12
Nov/09

FOUR SEASONS LODGE

12
Nov/09

FOUR SEASONS LODGE (Andrew Jacobs, 2008)
IFC Center
323 Sixth Ave. at East Third St.
Opens Wednesday, November 11
212-924-7771
www.ifccenter.com
www.fourseasonsmovie.org

“Life is not easy for everyone,” Olga Bowman says about midway through Andrew Jacobs’s spectacular cinéma vérité documentary, FOUR SEASONS LODGE. “But life can be beautiful even when it’s not so easy.” For twenty-five summers, a group of Holocaust survivors, mostly Polish Jews, would meet at the Four Seasons Lodge in the Catskills, where they would talk, dance, argue, eat, hug, discuss their latest aches and pains, and primarily revel in life despite the horrific things they suffered through and witnessed at such concentration camps as Auschwitz and Bergen-Belsen. Jacobs discovered this heartwarming community while researching a series of articles for the New York Times; when he heard that the lodge was being sold and that the 2006 season might be the group’s last, he decided to make a movie about it. Seeking advice from the legendary Albert Maysles, Jacobs actually landed the master documentarian as his chief cameraman, giving FOUR SEASONS LODGE the feel of such classic Maysles brothers’ works as SALESMAN and GREY GARDENS.

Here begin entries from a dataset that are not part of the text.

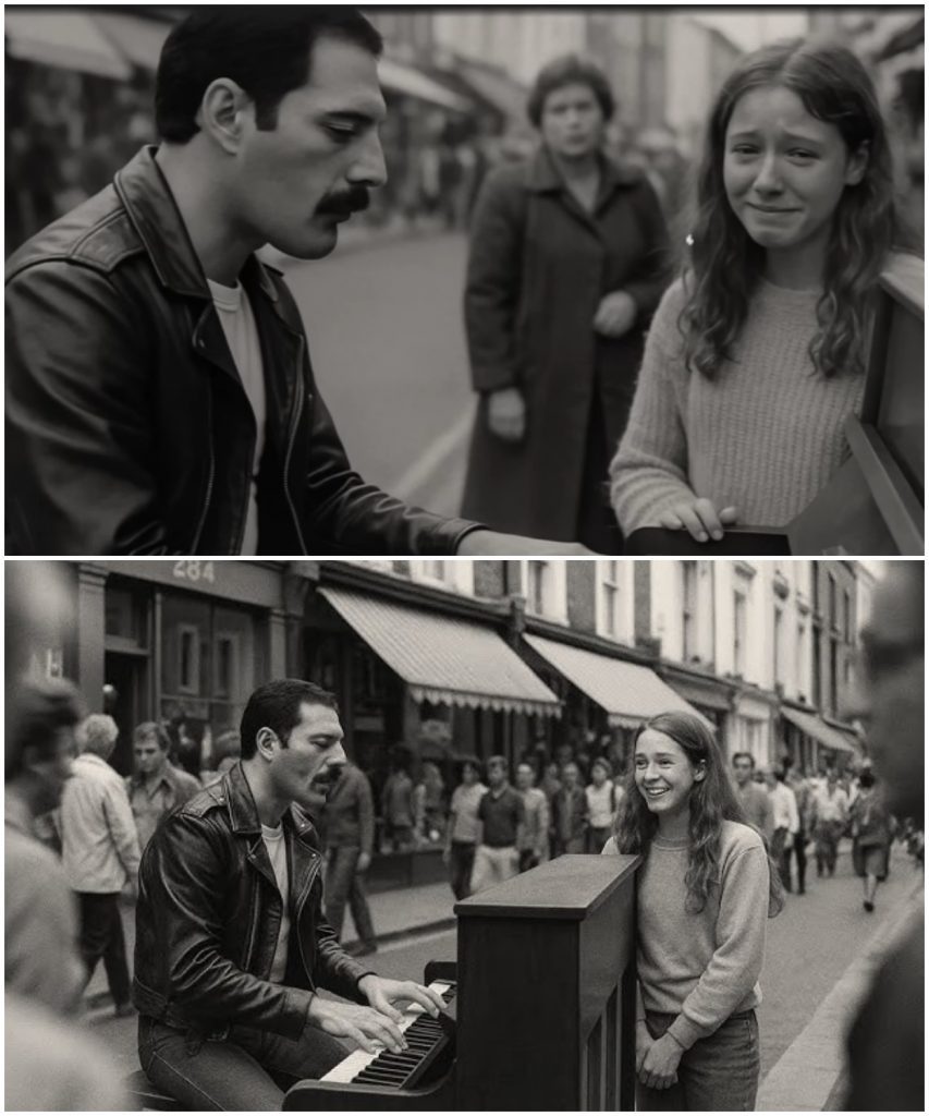 This man was none other than Freddie Mercury, the legendary frontman of Queen, known for his electrifying stage presence and his voice that had captivated millions. The crowd around Portobello Road quickly gathered, drawn in by the magnetic energy that radiated from Freddie. The girl, initially overwhelmed by the situation, watched in awe as a music legend effortlessly transformed her father’s piano into an instrument of magic.
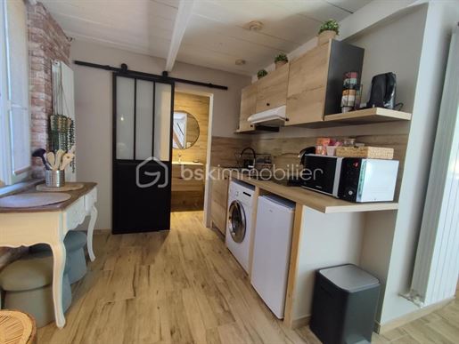 Un gîte comprenant un cuisine aménagée, salon, salle d'eau avec wc, et chambre.
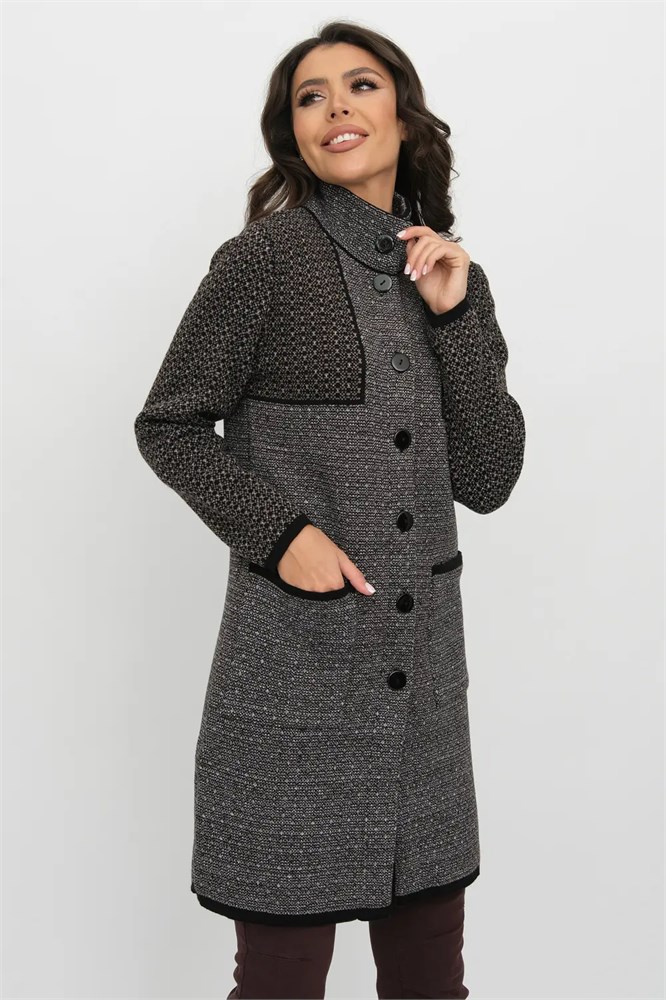 Женский вязаный кардиган полуприлегающего силуэта с воротником-стойкой. Кардиган застегивается на пуговицы. Рукава втачные длинные. Накладные карманы прямоугольной формы. Кардиган выполнен жаккардовым переплетением.
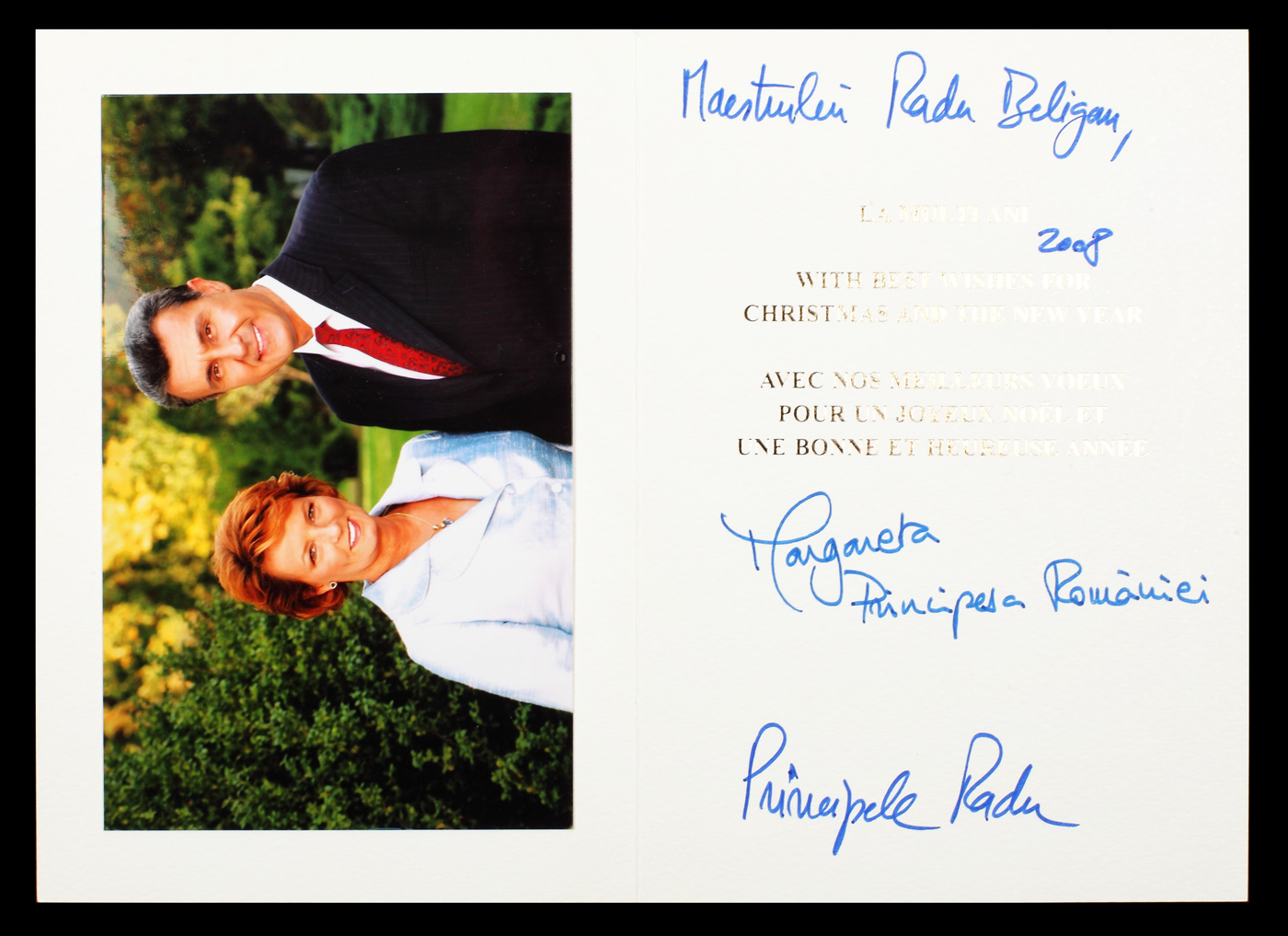 231. Două felicitări cu ocazia sărbătorilor de iarnă, 2008-2009, semnate de Principesa Margareta și Principele Radu, adresate lui Radu Beligan, provin din colecția actorului
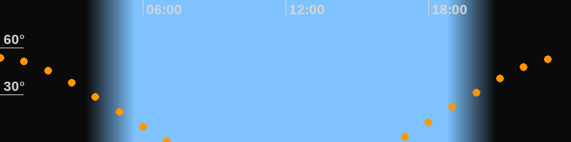 | Untergang | 07:09 Uhr im Nordwesten (αAz = 294°) |
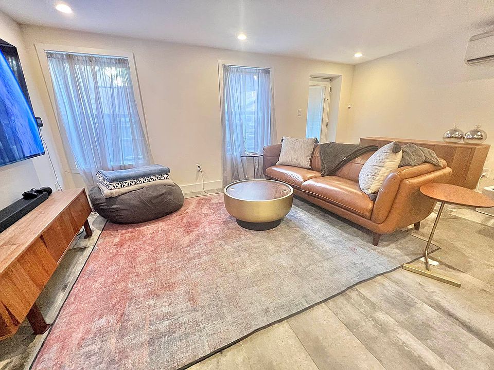Stunning Duplex With a private backyard in a pristine Crown Heights townhouse Super spacious apartment featuring: Super spacious and open concept kitchen/living/dining room Modern kitchen with kitchen island All new stainless steel appliances including dishwasher Hardwood floors Central AC Washer dryer in unit One large king size bedrooms and 2 queen sized bedrooms 1.5 bathrooms
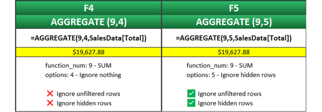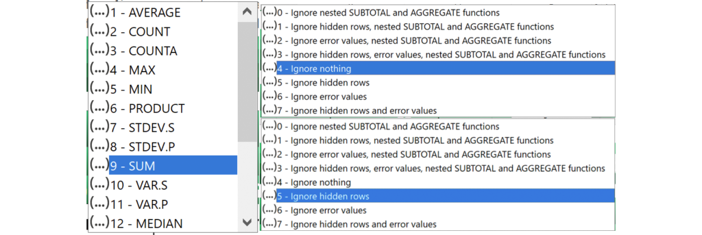 AGGREGATE also has function_num, but it’s a little different. There are 19 distinct functions compared to SUBTOTAL’s 11. Additionally, there is an options argument that has eight variations for how rows should be treated.
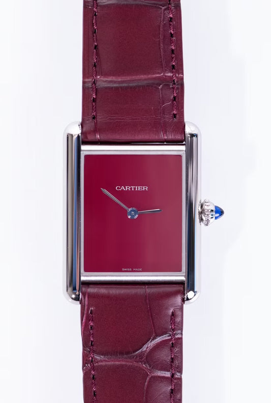 ساعة كارتييه تانك طبعة محدودة باللون العنابي
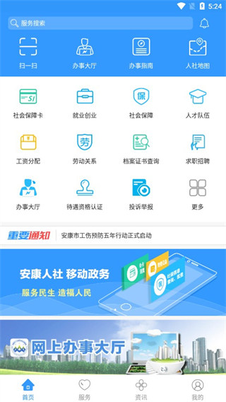 2、进入后便可以看到软件分为了四大板块和诸多实用功能,例如社会保障卡、就业创业服务、工资分配等等。
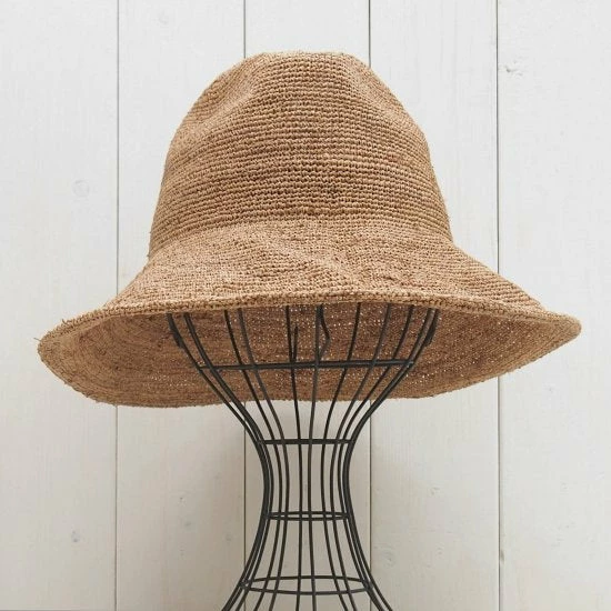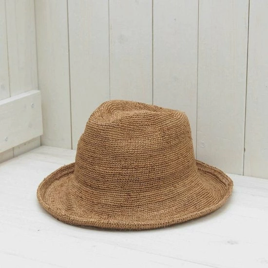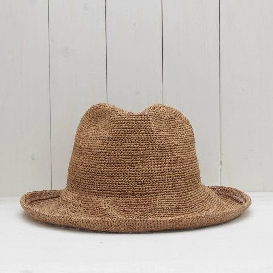 A soft fedora made of ultra-fine raffia material that has been hand-dyed afterwards.
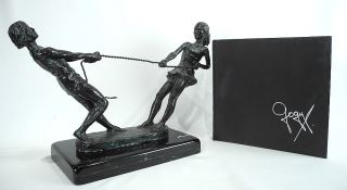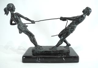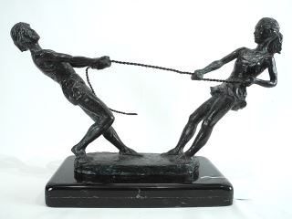LOT 47 Bronze Sculpture signed Gogy (Georgina Arellanos Farias), 13 1/4 x 21 x 8", "Tug of War". Estimate: $300 - $500 Sold For: $500 Auction Date: Tuesday, December 09 2025 at 4:00 PM
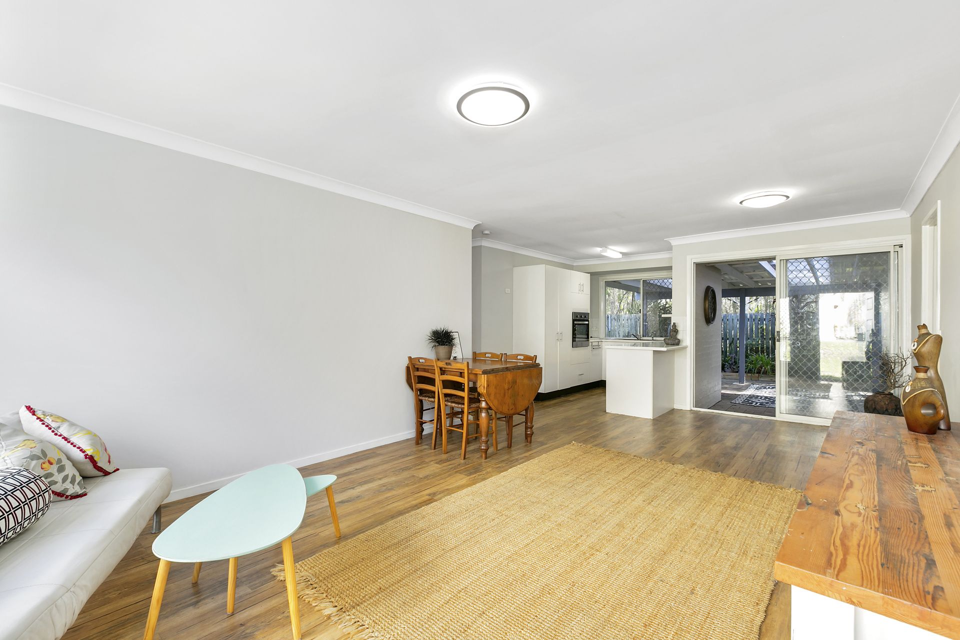 The open plan kitchen dining and living space is light filled and flows out to the outdoor area.
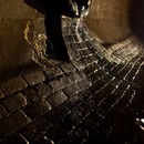 The underground river flows very quickly. When I was still walking there, it started raining. The water became turbid and increased intensively. I decided to come out to the surface as it is rather dangerous to be there when it's raining. All the water streams underground from the surface and the collector gets filled almost to the very top.
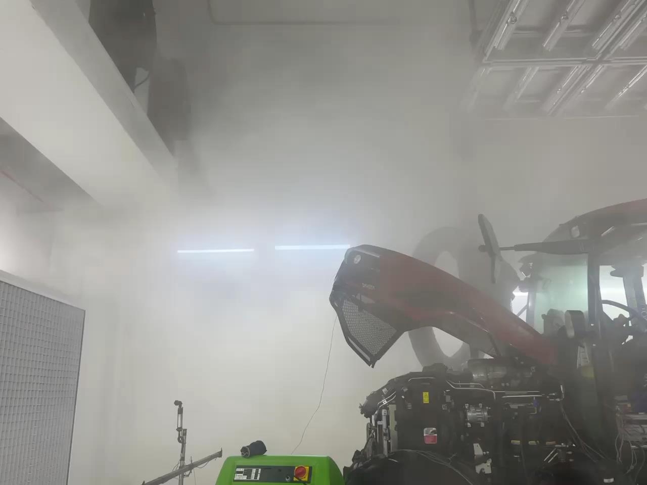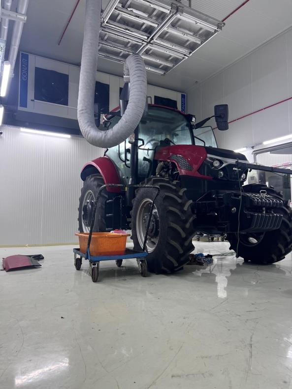 Le projet comprend des unités de conditionnement d'air en chambre climatique capables de maintenir une température ambiante d'essai comprise entre -40 °C et +60 °C et une humidité relative comprise entre 10 % et 95 % HR, tout en supportant les charges thermiques de tracteurs jusqu'à 250 kW. Le système intègre également des équipements tels qu'un simulateur de vent, un générateur de vapeur et un système de simulation solaire.
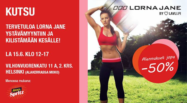 Haluaisin jo nyt, hyvissä ajoin, vinkata teille tulevasta tapahtumasta. Nimittäin Lorna Jane Ystävämyynnistä! Mikä olisikaan parempi tapa startata kesäloma ja saada puhtia kesätreeneihin kuin ostamalla uusia herkullisen värisiä treenivaatteita! Eipä taida olla voittanutta. Itse olen ainakin innoissani, sillä satun pääsemään töistä juuri sopivasti keritäkseni nappaamaan muutamat extra-motivaattorit.
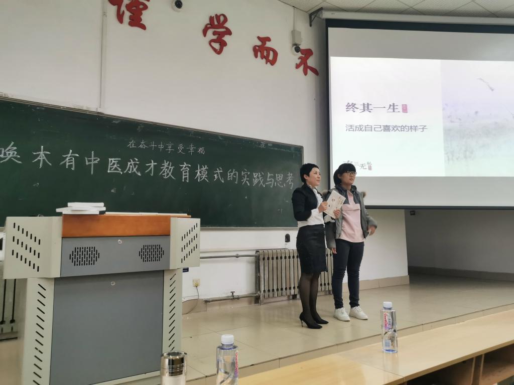2019年10月17日下午,护beat365官方网站学院邀请了河北省唤本有职业培训学校董事长闫芳女士,在教学南楼C1014教室,为2019级护理学本科班400余名同学,作了以“在奋斗中获得幸福”为主题的演讲报告。
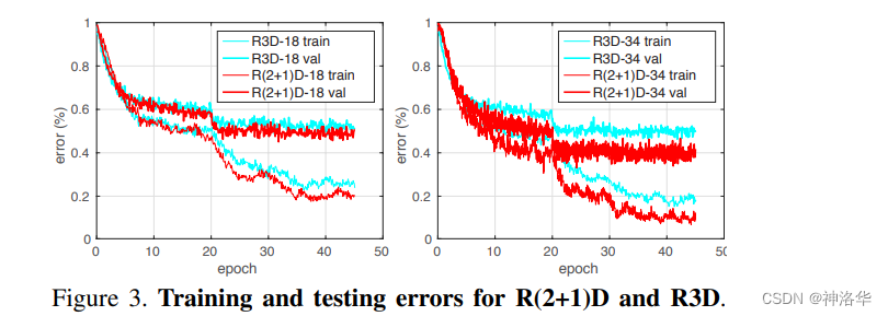 R(2+1)D结构使网络更加容易优化 :直接使用 3D 卷积,模型是不容易学习的,拆分成两次卷积之后,降低了模型学习的难度。在参数量相同的情况下,R(2+1)D获得的训练损失和测试损失更低。网络层数越深,效果差距越明显。 下面是两种结构的训练和测试误差对比图,R(2+1)D网络误差都更小,这既不是过拟合也不是欠拟合,而确实是网络更容易训练。
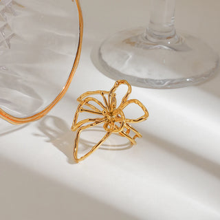 ステンレス304 低ニッケル 水に濡れても錆びにくい 18Kゴールドメッキ リング 花 フラワー【YJ01124】

Jacobs is like the proverbial fly on the wall, focusing on ten primary characters who don’t mind sharing their simple existence with the rest of the world. “I am full of life,” one woman says, and that is what the film is really about, even as this collection of extraordinary people are staring at their own mortality. They might have survived the camps, but as they reach into their eighties and nineties, they understand that death is near – but they refuse to let a little thing like that stop them from enjoying some lox and herring, schmaltzy music, bad jokes, and, most of all, each other. Audiences will fall in love with such couples as Hymie and Tosha Abramowitz (Hymie’s pronunciation of the word herring is worth the price of admission all by itself), Tobias Buchman and Lola Wenglin, and the endearing Olga Bowman and Genya Boyman, who are all charming in unique, unexpected ways. FOUR SEASONS LODGE is an extraordinary accomplishment, a subtle yet unforgettable experience that is one of the best films of the decade.